A squamous cell papilloma is a generally benign papilloma that arises from the stratified squamous epithelium of the skin, lip, oral cavity, tongue, pharynx, larynx, esophagus, cervix, vagina or anal canal. Squamous cell papillomas are typically associated with human papillomavirus (HPV) while sometimes the cause is unknown.

==Types==
===Oral squamous cell papilloma===
Squamous cell papilloma of the mouth or throat is generally diagnosed in people between the ages of 30 and 50, and is normally found on the inside of the cheek, on the tongue, or inside of lips. Oral papillomas are usually painless and not treated unless they interfere with eating or cause pain. They do not generally mutate to cancerous growths, nor do they normally grow or spread. Oral papillomas are usually a result of the infection with types HPV-6 and HPV-11.

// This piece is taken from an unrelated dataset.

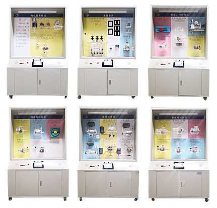 CLG-104型《電機與變壓器》示教陳列柜(CD解說)是根據(jù)大、中專院校,按《電力學(xué)》、《電力拖動》、電機控制》、《電機修理》等教材設(shè)計一套電化設(shè)備,品種多,功能齊全,學(xué)生可根據(jù)教材需要觀察、分析,大大提高分析電機原理的能力,本陳列柜共分6柜及一臺電腦解說控制臺。有第一代和第二代兩種形式。模型采用遙控任意選擇進行單獨演示,模型外殼材料采用進口有機板硅鋼片制作而成,板面面板采用圖表和文字說明直接制作在上面。演示形象逼真,運行可靠,工藝美觀,使用本陳列柜可提高教學(xué)效果,節(jié)約學(xué)時是一套現(xiàn)代化機械課程教學(xué)實用設(shè)備。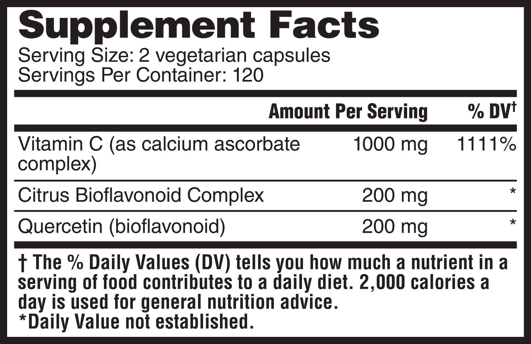 Non-Acidic Vitamin C 1,000 mg. Per Serving. Quercetin 200 mg. and Citrus Bioflavonoid Complex 200 mg. Non-GMO. Gluten-Free.

===Conjunctival squamous cell papilloma===
Normally found in children or young adults, a common cause of conjunctival squamous cell papilloma is during childbirth, when the mother passes the virus to her child.

==Diagnosis==
It appears as an exophytic mass with a cauliflower-like appearance. The lesion may be white, red, or normal in color. It appears as a sessile or pedunculated mass. Histopathology typically shows papillomatosis protrusions and/or dysplasia.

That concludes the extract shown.